Many thanks in advance!

srocco
  • 108
  • 7
  • 2
    Your x is a vector .. – MrSmithGoesToWashington Jul 06 '21 at 13:42
  • Thank you! I tried the following: `x <- c(1:198) for(i in x) { table_[[i]] <- scrape_pdf(etc. etc.))`. I get the following error message: "object table_ not found" – srocco Jul 06 '21 at 14:16
  • @srocco `table_` is not found, because it is a misspelling of `table`. – Greg Jul 06 '21 at 14:19
  • @Greg thank you!

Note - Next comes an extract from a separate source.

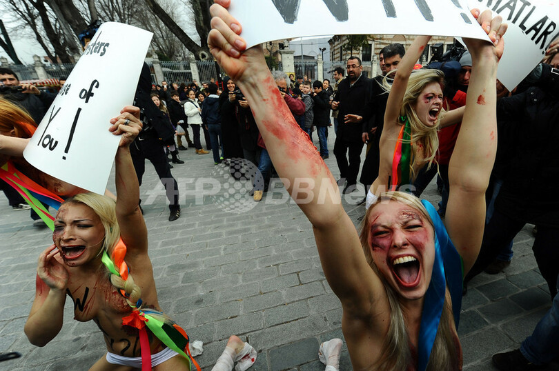 写真はトルコのイスタンブール(Istanbul)で、ドメスティックバイオレンスに抗議するウクライナの女性権利団体「FEMEN」のメンバー(2012年3月8日撮影)。(c)AFP/MUSTAFA OZER

If I run the same code as above, but with `table[[i]]` instead of `table_[[i]]`, I get the following error message: "error in table[[i]] (...) object of type 'closure' is not subsettable" – srocco Jul 06 '21 at 14:21
  • @srocco Have you already defined `table` somewhere else? That part is not visible in the code. Is it a `list`? – Greg Jul 06 '21 at 14:23
  • Also, a couple things: **(1)** the statement `c(1:198)` is redundant, since `1:198` is already equivalent to the vector `c(1, 2, 3, ..., 197, 198)`; you can either **(2)** iterate over a predefined set (vector) of indices (page numbers) using `for`, as with `for(i in 1:198){...}`; or **(3)** iterate indefinitely using `while` and a scalar index that is updated on each iteration, as with `x <- 1; while(i <= 198){...; x <- x + 1}`. – Greg Jul 06 '21 at 14:29
  • @Greg No actually! My idea (pardon my very poor programming notions) was to create a number of tables, one for each of the 198 pages of my PDF, using the `scrape_pdf` function shown above. This might very well be a naïve approach to the issue :-) – srocco Jul 06 '21 at 14:29
  • @srocco It's not the _worst_ idea I've ever seen (believe me), but I'm still trying to figure out what the variable `table` actually _is_. Unless it **already exists** as a `list` of objects, you can't store the results of `scrape_pdf()` within it at position `x`: `table[[x]] <- scrape_pdf(...)`. – Greg Jul 06 '21 at 14:35
  • @Greg No, and again very sorry for my own confusion, `table` does not exist already. I thought I could create 198 tables (in my naïvety, `table_1` to `table_198`, hence the loop) by simply looping over the `scrape_pdf()` function 198 times, each time specifying, within the `table_number` argument, which page of the PDF the function should focus on. – srocco Jul 06 '21 at 14:42
  • @srocco You **can** do that, but your syntax `table[[x]] <- ...` presumes that a `list` named `table` already exists, and that you are trying to store something as the `x`th element in that list. Do you really want 198 separate variables, of the form `table_*`, floating around in your environment? IMO, it's far better to store them all as entries in a `list` of 198 elements, which can all be renamed according to the `table_*` convention. **Furthermore**, if you want to consolidate everything into a single table, you can just use `rbind` within your loop, to consecutively append each table. – Greg Jul 06 '21 at 14:44
  • @Greg Haha that's an excellent point. But just for me to understand - should I still want to have the 198 separate variables, how would my syntax look like? Thank you so much for all the help and sorry to be a pain!! – srocco Jul 06 '21 at 15:07
  • @srocco To dynamically name variables, check out [this comment](https://stackoverflow.com/questions/2679193/2679289#comment15326407_2679289) in response to [this answer](https://stackoverflow.com/a/2679289). You'd be using the `assign()` function to create variables whose names are generated by `paste()`, and whose values are given by `scrape_pdf()`. – Greg Jul 06 '21 at 15:10
  • @Greg Many thanks for all the help!!! – srocco Jul 06 '21 at 15:25
  • @srocco Happy to help! – Greg Jul 06 '21 at 15:26

0 Answers0